§ Input material

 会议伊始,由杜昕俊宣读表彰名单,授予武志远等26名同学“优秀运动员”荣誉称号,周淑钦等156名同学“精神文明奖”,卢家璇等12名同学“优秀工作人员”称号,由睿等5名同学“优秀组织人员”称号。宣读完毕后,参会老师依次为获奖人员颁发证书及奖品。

==

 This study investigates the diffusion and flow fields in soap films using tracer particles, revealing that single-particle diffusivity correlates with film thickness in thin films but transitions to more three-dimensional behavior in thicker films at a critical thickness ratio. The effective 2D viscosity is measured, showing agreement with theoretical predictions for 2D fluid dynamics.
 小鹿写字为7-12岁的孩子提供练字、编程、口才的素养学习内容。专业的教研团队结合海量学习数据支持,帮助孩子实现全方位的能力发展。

==

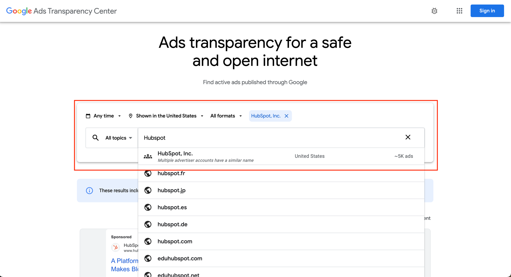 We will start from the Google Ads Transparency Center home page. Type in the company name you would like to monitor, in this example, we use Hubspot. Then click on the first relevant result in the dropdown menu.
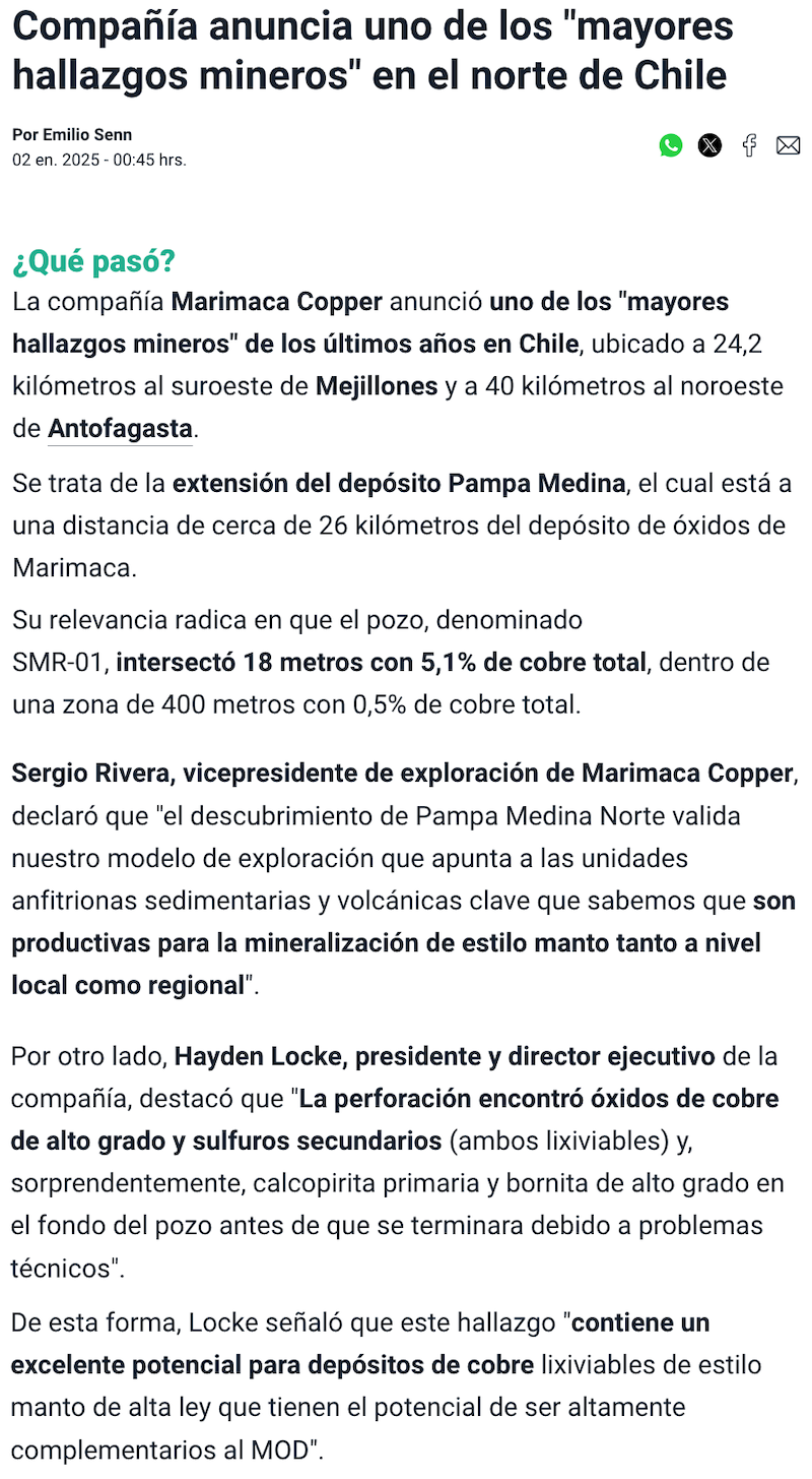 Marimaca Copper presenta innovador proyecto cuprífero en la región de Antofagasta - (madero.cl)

§ Problem
Look above for the line with "We will start" and the line with "Marimaca Copper presenta", then copy exactly the lines from the first through the second, both kept, with no pictures.

§ Exercise result
 We will start from the Google Ads Transparency Center home page. Type in the company name you would like to monitor, in this example, we use Hubspot. Then click on the first relevant result in the dropdown menu.
 Marimaca Copper presenta innovador proyecto cuprífero en la región de Antofagasta - (madero.cl)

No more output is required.